Hierarchically, the human soul was threefold: the highest, or rational soul,
which man on earth possessed uniquely; the sensible, sensitive, or appetitive
soul, which man shared with lower animals; and the lowest, or vegetative
(vegetable; nutritive) soul, concerned mainly with reproduction and growth. The
soul was facilitated in its work by the body's three main organs, liver, heart,
and brain: the liver served the soul's vegetal, the heart its vital, and the
brain its animal faculties--motive, principal virtues, etc.
Man himself was formed by a natural combination of the four elements: the
dull elements of earth and water--both tending to fall to the center of the
universe--and air and fire--both tending to rise. When the elements mixed they
shaped man's temperament. Each element possessed two of the four primary
qualities which combined into a "humour" or human temperament: earth
(cold and dry: melancholy), water (cold and moist: phlegmatic); air (hot and
moist: sanguine); fire (hot and dry: choleric).
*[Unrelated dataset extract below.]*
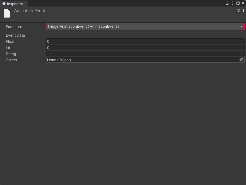 With the event selected, choose TriggerAnimationEvent as the function from the inspector: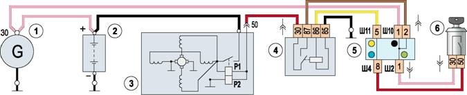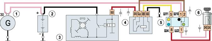 Схема электрических соединений стартера 4216.3708-02: 1 - генератор; 2 - аккумуляторная батарея; 3 - стартер; 4 - реле включения стартера*; 5 - монтажный блок; 6 - выключатель (замок) зажигания

Like his soul and his humours, man's body possessed cosmic affinities: the
brain with the Moon; the liver with the planet Jupiter; the spleen with the
planet Saturn. Assigned to each of the stars and the sphere of fixed stars was a
hierarchy of incorporeal spirits, angels or daemons. On earth, the fallen angels
and Satan, along with such occult forces as witches, continued to tempt man and
lead him on to sin.
Towards the mid-seventeenth century a major cleavage between the
medieval-Renaissance world-view and our own took place, effected by Ren‚
Descartes (1596-1650): Cartesian dualism separated off mind from matter, and
soul from body--not a new idea but reformulated, so that the theologian's
doctrines became the philosopher's; the problems of Predestination were suddenly
the problems of Determinism.
For Descartes, all nature was to be explained as either thought or extension;
hence, the mind became a purely thinking substance, the body a soulless
mechanical system. Cartesianism held that we can know only our own clear and
distinct ideas. Objects were important only in so far as we bring our own
judgments to bear upon them. Cartesian skepticism and subjectivism led to the
rejection as meaningless or obscure the previous centuries' Aristotelian
perspectives. According to Aristotle, to know the cause of things was to know
their nature.
Familiar to Shakespeare and his contemporaries were the Aristotelian four
causes: the final cause, or purpose or end for which a change is made; the
efficient cause, or that by which some change is made; the material cause, or
that in which a change is made; and formal cause, or that into which something
is changed. Renaissance concern with causation may be seen in Polonius' laboring
of the efficient "cause" of Hamlet's madness, "For this effect
defective comes by cause" (2.2.101-03). Ironically, Othello's
"causeless" murder of Desdemona is prologued by a reiteration of
"cause."
In the Aristotelian view, change involves a unity between potential matter
and actualized form. Change is thus a process of becoming, affected by a cause
which acts determinately towards a goal to produce a result. Implicit in the
Elizabethan world-view was the Aristotelian idea of causation as encompassing
potentiality and act, matter and mind. The London dramatist's pre-Cartesian
universe, indeed, tended to retain a sense of the purposefulness of natural
objects and their place in the divine scheme.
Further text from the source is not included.